━━━ DATA SECTION ━━━
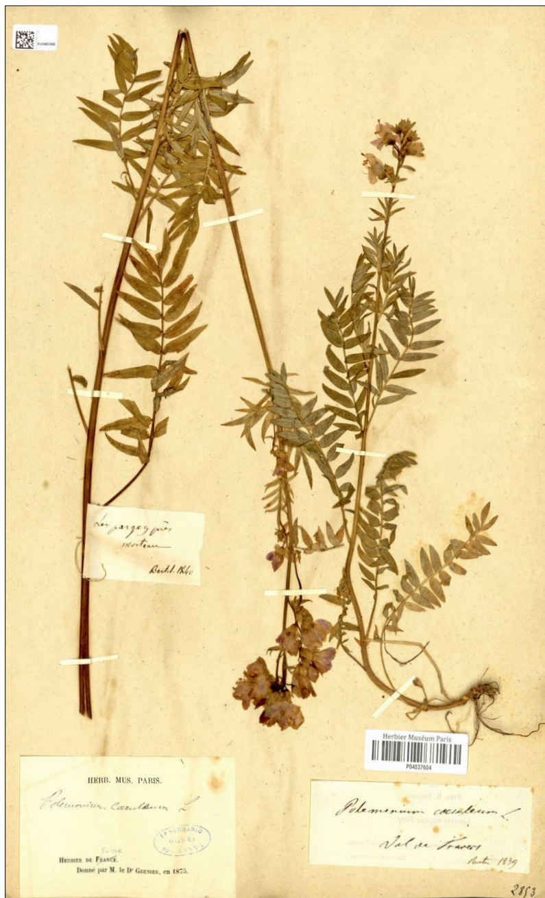
Figure 8 : herbier général du Muséum de Paris, herbier de Charles Grenier.

En 2000, Jean-François Prost 25 indique la polémoine bleue comme rare pour le département du Jura. Elle est néanmoins présente sur les communes des Rousses, de Saint-Pierre en Grandvaux, de l'Abbaye, de Longchaumois, Foncine-le-Haut, Bois d'Amont et Grande-Rivière. Les premières observations pour ce département datent de 1978
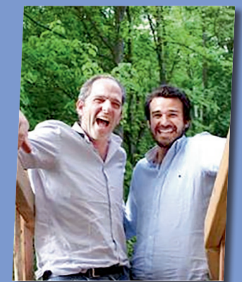
Cabanes des Grands Reflets

« Nous avons été séduits par le patrimoine écologique et naturel du Sud Territoire et impressionnés par la volonté de ses élus d'y développer le tourisme et ses structures d'accueil. C'est avec plaisir que nous avons implanté notre éco-village de 19 cabanes perchées
━━━
→ **EXERCISE INSTRUCTIONS**:
Your task is to return, exactly and on their own, the lines from the one containing "Cabanes des Grands Reflets" through the last line of the listing.

→ **ANSWER TO THIS EXERCISE**:
Cabanes des Grands Reflets

« Nous avons été séduits par le patrimoine écologique et naturel du Sud Territoire et impressionnés par la volonté de ses élus d'y développer le tourisme et ses structures d'accueil. C'est avec plaisir que nous avons implanté notre éco-village de 19 cabanes perchées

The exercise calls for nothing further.